(SOURCE DATA Opens)

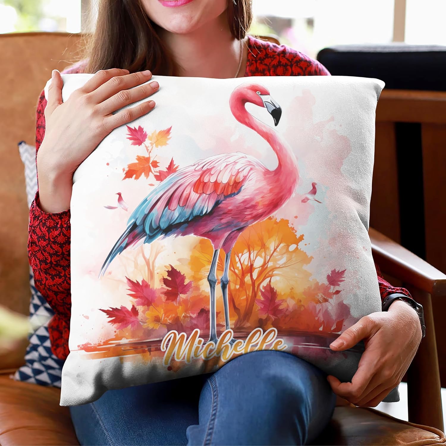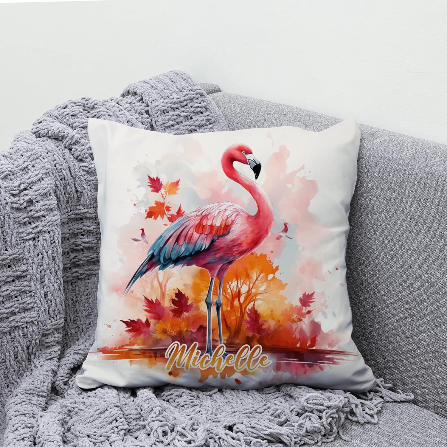 Flamingo Maple Leaves - Personalized Pillow (Insert Included)
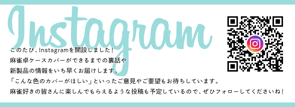 ケースカバー関係 インスタグラム開設しました。 2025年9月30日 2025年9月30日 ぱんちゃん 先日オープンしたばかりの雀卓専門通販サイト「jyantaku.shop」のInstagramを始めました! 新製品の紹介や、開発の裏話など、「へぇ〜!」となる情報から「欲しい!」となる商品まで ぞくぞくお届けします! お楽しみに♪ 長崎県の麻雀卓の購入と修理は、株式会社ニルにお任せください!ケースカバーとのセットなら、さらにお得です!! Facebook postLINE
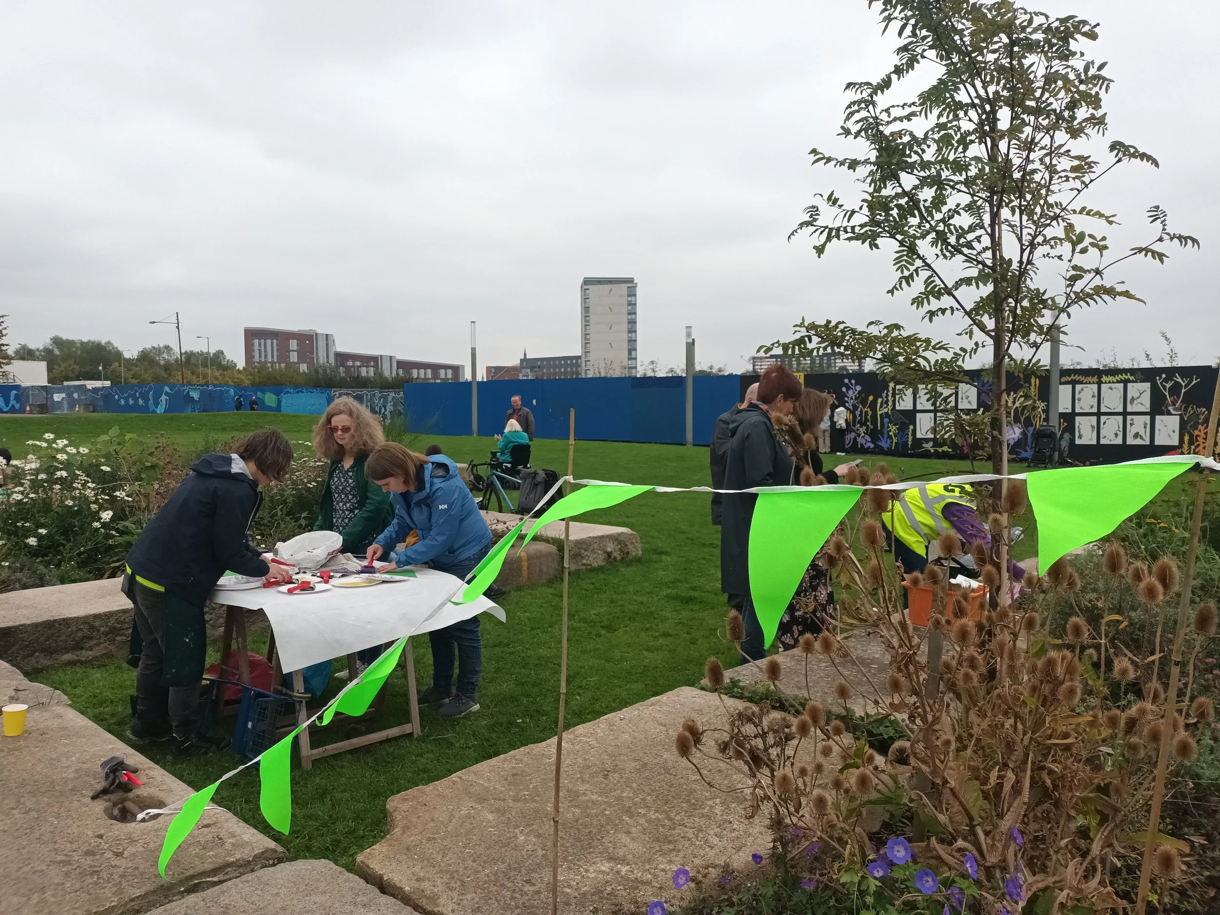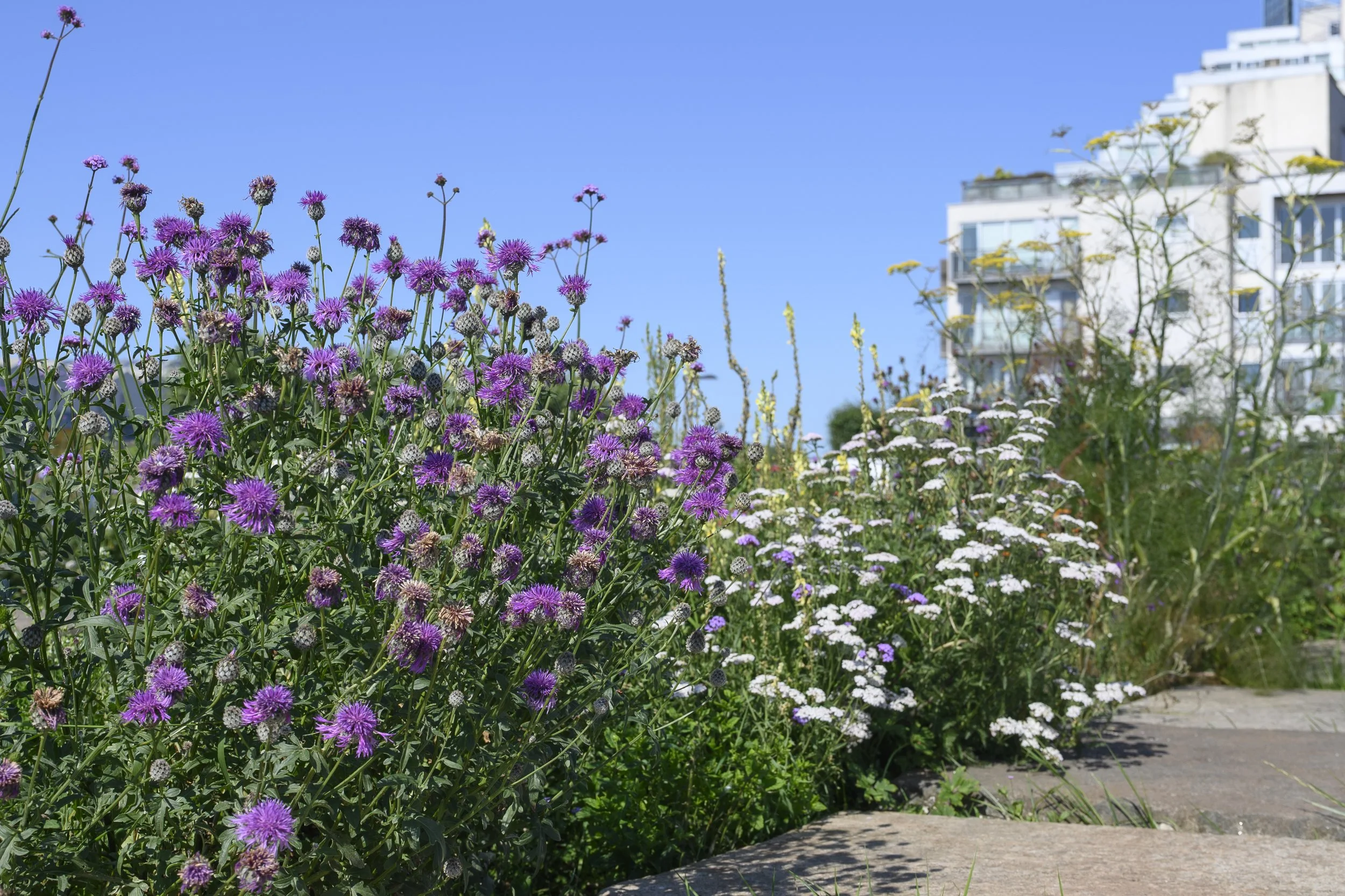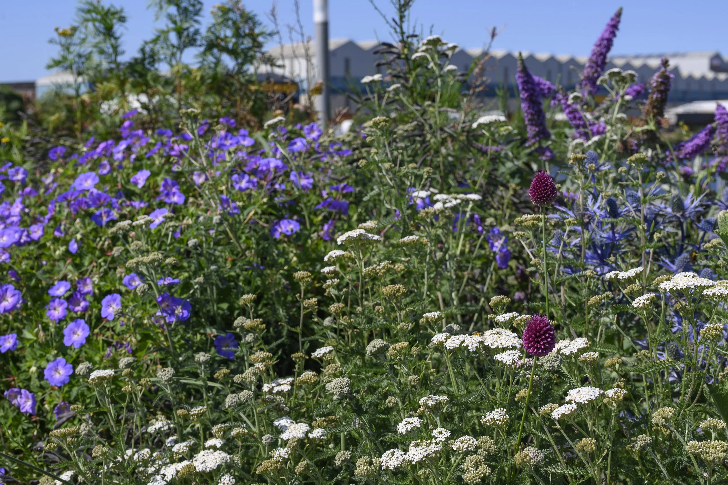 Planting is inspired by the flora and fauna found in the brownfield site where these shipyards used to be, where you will find wild red clover, broom, buddleja, tansy and aster growing and hear the birdsong of willow warblers, whitethroat, greenfinches, and dunnocks.

(SOURCE DATA Closes)

The whole listing above is to be printed again exactly; pictures stay out of it.

 Flamingo Maple Leaves - Personalized Pillow (Insert Included)
 ケースカバー関係 インスタグラム開設しました。 2025年9月30日 2025年9月30日 ぱんちゃん 先日オープンしたばかりの雀卓専門通販サイト「jyantaku.shop」のInstagramを始めました! 新製品の紹介や、開発の裏話など、「へぇ〜!」となる情報から「欲しい!」となる商品まで ぞくぞくお届けします! お楽しみに♪ 長崎県の麻雀卓の購入と修理は、株式会社ニルにお任せください!ケースカバーとのセットなら、さらにお得です!! Facebook postLINE
 Planting is inspired by the flora and fauna found in the brownfield site where these shipyards used to be, where you will find wild red clover, broom, buddleja, tansy and aster growing and hear the birdsong of willow warblers, whitethroat, greenfinches, and dunnocks.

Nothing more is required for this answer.